# Help me stock a single species "iwagumi" tank with schooling fish



## ThatGuyWithTheFish (Apr 29, 2012)

What pH and KH?


----------



## talontsiawd (Oct 19, 2008)

ThatGuyWithTheFish said:


> What pH and KH?


pH is 7.6 (or more) out the tap, 6.4 with CO2
KH is 6-7 degrees

Not sure how accurate it is because my test kits are old.


----------



## ThatGuyWithTheFish (Apr 29, 2012)

You probably wouldn't want rummynose or cardinals since they prefer more acidic, soft water. Harlequin rasboras would be the next logical choice.


----------



## STS_1OO (Nov 28, 2012)

Harlequins for the win. Their cousins, the espei are smaller and may fit the iwagumi's scale better.


----------



## LB79 (Nov 18, 2011)

GOld tetras, ruby tetras, ember tetras, pygmy cories, emerald rasboras, harlequin rasboras, narrow-wedge rasboras, lamb-chop rasboras, chili rasboras... the list is endless.


----------



## talontsiawd (Oct 19, 2008)

ThatGuyWithTheFish said:


> You probably wouldn't want rummynose or cardinals since they prefer more acidic, soft water.
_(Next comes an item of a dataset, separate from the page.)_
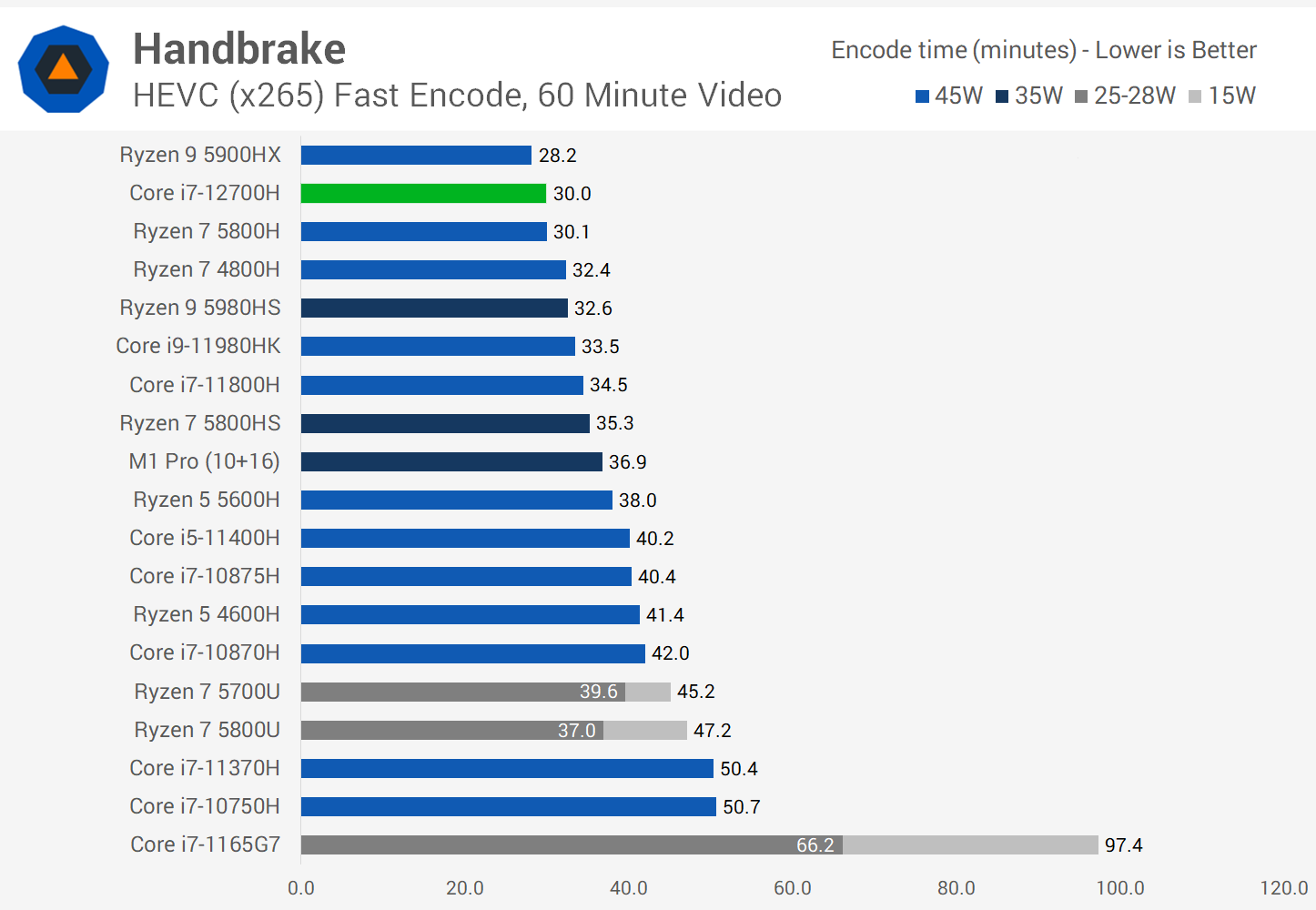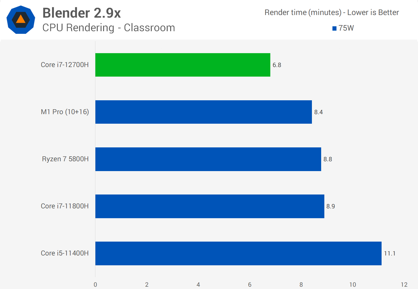 But like in Handbrake, when the 12700H is given 75W of juice to work with, it can accelerate beyond the other processors we've looked at to post quite an impressive score that makes this new generation well suited to CPU rendering.

Harlequin rasboras would be the next logical choice.


I have done Harlequin rasboras and though Orange is not my favorite color, I am interested in trying them again. 



LB79 said:


> GOld tetras, ruby tetras, ember tetras, pygmy cories, emerald rasboras, harlequin rasboras, narrow-wedge rasboras, lamb-chop rasboras, chili rasboras... the list is endless.
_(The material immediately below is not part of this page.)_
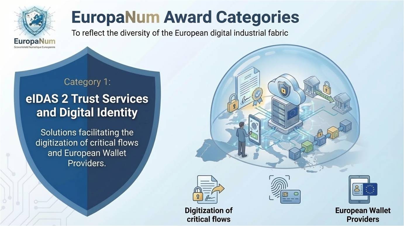 This category recognizes solutions that facilitate the delivery of trust services with a national and/or European scope. It encompasses qualified trust service providers (QTSPs) offering electronic signatures, seals, time-stamping, electronic archiving, and other eIDAS2 trust services.

It's odd how little Rasbora's are local to me (within reason, not like 45+ min). Chili Rasboras are interesting to me but I don't know how easy they are to find. I want to move very slowly on this tank with stocking as that is my biggest mistake I tend to make, the trade off of cost/driving compared to how many fish. I always mistakenly try to add too much at once.




STS_1OO said:


> Harlequins for the win. Their cousins, the espei are smaller and may fit the iwagumi's scale better.


Even though I don't like orange, this was a strong consideration due to size/behavior. I haven't done them before but they seem very similar to Harlequin rasboras, just smaller. Smaller is better for me for sure.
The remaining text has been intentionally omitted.